Vergleicht man einen Menschen mit dem Motor, so muss man feststellen, er ist eine
Spitzenkonstruktion der Natur. Was dem Menschen bei der Konstruktion von Motoren nicht gelungen ist, alle Vorteile der drei beschriebenen Verbrennungsmotoren zu vereinen, ist der Natur mit der
Funktion des menschlichen Stoffwechsels gelungen. Der Mensch kann nicht nur unterschiedliche „Kraftstoffe“ tanken, er kann sogar parallel unterschiedliche „Kraftstoffsorten“ zur Energiegewinnung
nutzen. Die Energiegewinnung aus der Fettverbrennung würde dem Diesel, die Kohlenhydratverbrennung dem Benzin (beide aerob à mit Sauerstoff) und die
Kohlenhydratverstoffwechselung ohne Sauerstoff (anaerob) dem Super entsprechen. Jeder Mensch vereint also Veranlagungskomponenten eines Marathonläufers,
eines Allrounders und eines Sprinters in sich. Warum kann nun aber nicht jeder einen Marathon unter 2:30 h oder 100 m in weniger als 10 Sekunden laufen? Jeder Mensch bekommt sozusagen seine
persönliche maximale „Motorleistung“ mit der Genetik in die Wiege gelegt. Der eine wird auf Grund seiner gesamten genetischen Voraussetzungen (Stoffwechsel, Muskulatur, Körpergeometrie,..) eher zum
Marathonläufer, der andere zum Sprinter und ein dritter Allrounder tendieren. Das heißt, jeder kann sein persönliches Optimum im Rahmen seiner genetischen Grenzen ausreizen und seinen ganz
individuellen „Motor“ (Stoffwechsel) trainieren. Das setzt voraus, dass ich meinen „Motor“ kenne und den „Kraftstoff-MIX“ (Ernährung) tanke, welcher ihm gut tut. Damit ein „Motor“ effektiv läuft,
muss ich ihn fahren (trainieren). Jeder menschliche Stoffwechsel „Motor“ ist einmalig. Was für den einen gilt, muss nicht zwangsläufig für den anderen gut
sein. Benutze ich den Motor kaum, fordere ihn nicht, versorge ihn mit falschem Kraftstoff (individuell falsche Ernährung), geht er langsam kaputt. Nach Jahren mangelnder Bewegung falscher Ernährung
stellen sich unsere Zivilisationskrankheiten (Diabetes, Bluthochdruck, Übergewicht,…) ein.
Woher weiß ich aber, ob mein Motor richtig funktioniert?
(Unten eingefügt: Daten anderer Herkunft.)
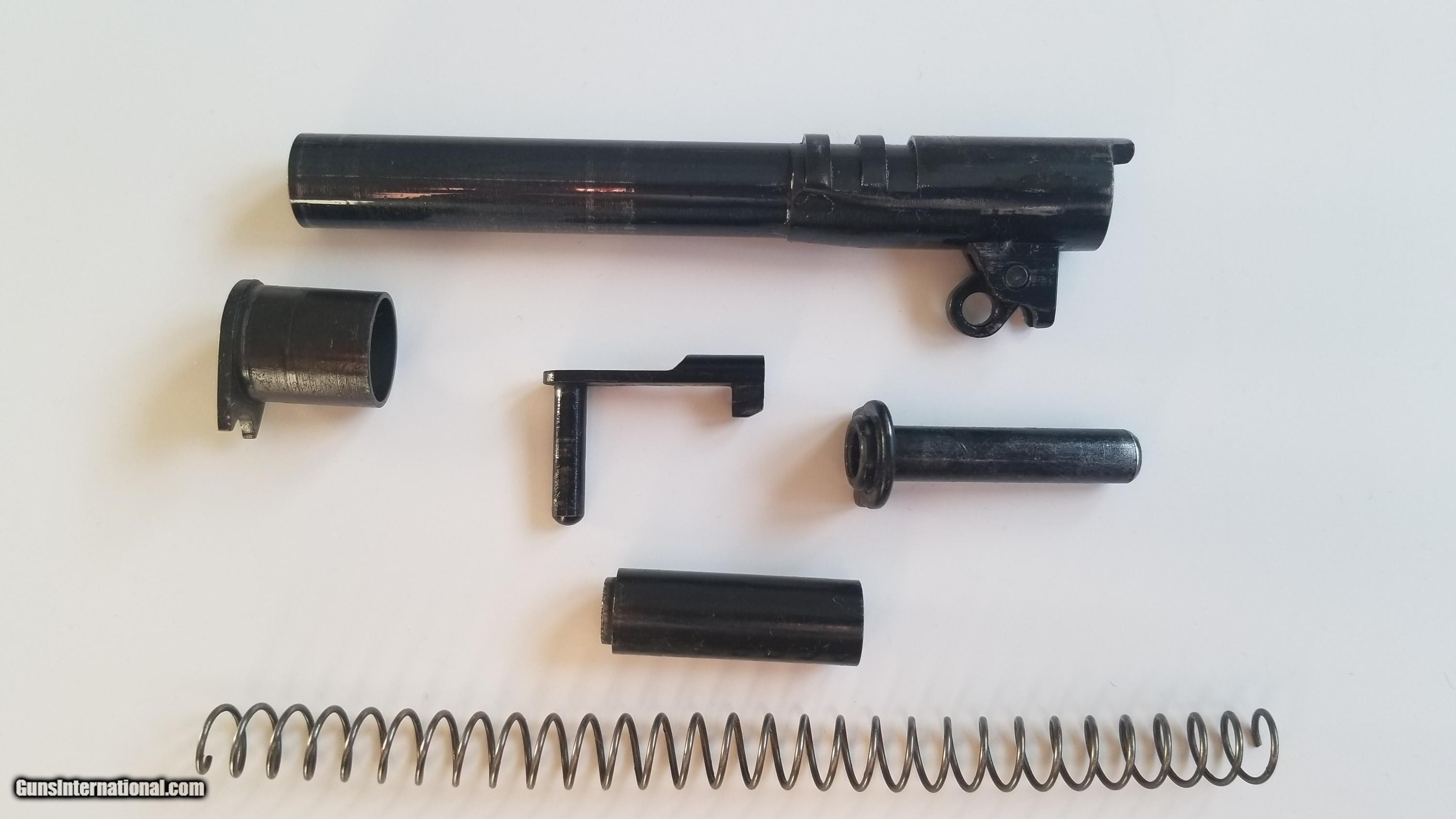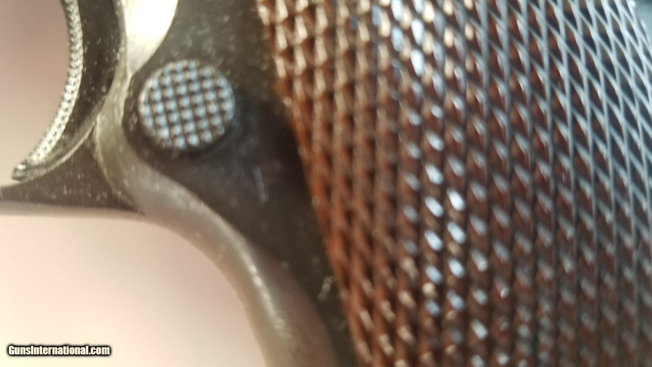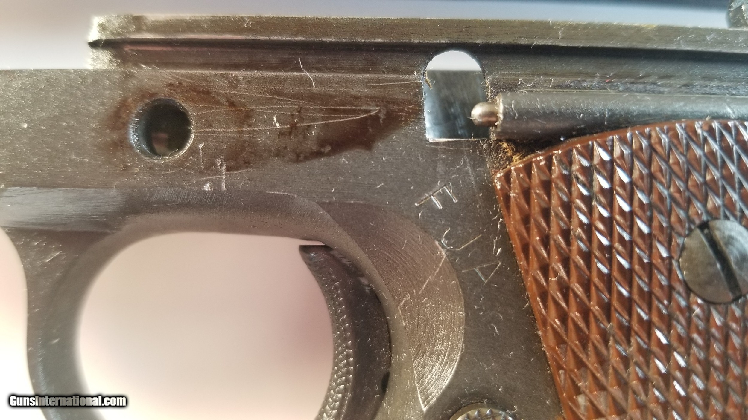 Description: Up for sale is an Ithaca 1911 A1, Serial Number 1847504, with accessories. The pistol was manufactured in 1944 and is all original. There are a few light scratches on the frame from previous owner(s) most likely caused during disassembly. The gun shows some minor wear from usage, but overall it is in very good condition given its age. The parkerizing is original and the bore is bright and shiny. All appropriate markings are present. The package also comes with all era (WWII) correctbelt, magazine pouch, two additional clips, leather holster, and leather shoulder holster. Additionally, the magazines are marked with an S, L, and R, (S - on top lip of base - Scovill Mfg. Co., Waterbury, Conn. (Scovill acquired American Pin Co. in 1923), L - on top lip of base - M. S. Little Mfg. Co. (subcontracted for Colt), and R - on top lip of base - Risdon Tool & Machine Co., Naugatuck, Conn.). SOLD Curio/Relic: Yes Handgun Caliber: .45 ACP (.45 Auto) Manufacturer: Ithaca Model: 1911 A1 Serial Number: 1847504 Barrel Length: 5 Condition: Great Metal Condition: Great Bore Condition: Excellent Finish: Parkerized |

Beim Auto kann man über den
Abgastest genau das Verbrennungsverhalten des Motors analysieren und den Motor auf Grundlage dieser Daten so einstellen, dass er im Rahmen seine Möglichkeiten optimal funktioniert. Nichts anderes
passiert bei der Spiroergometrie. Die Abgase unseres Stoffwechsels (die Atemluft) werden analysiert und liefern uns unsere ganz persönlichen Daten über unseren Stoffwechsel. Ich erfahre, in welchen
Pulsbereichen mein Stoffwechsel die Energie aus Fetten oder/und Kohlenhydraten gewinnt, aufs Auto bezogen, in welchen Drehzahlbereichen mein Motor Diesel, Benzin oder Super verbraucht. Nur wenn man
diese ganz individuellen Größen kennt, kann man sein Training und seine Ernährung so verändern, dass der persönliche Erfolg kein Traumziel bleibt.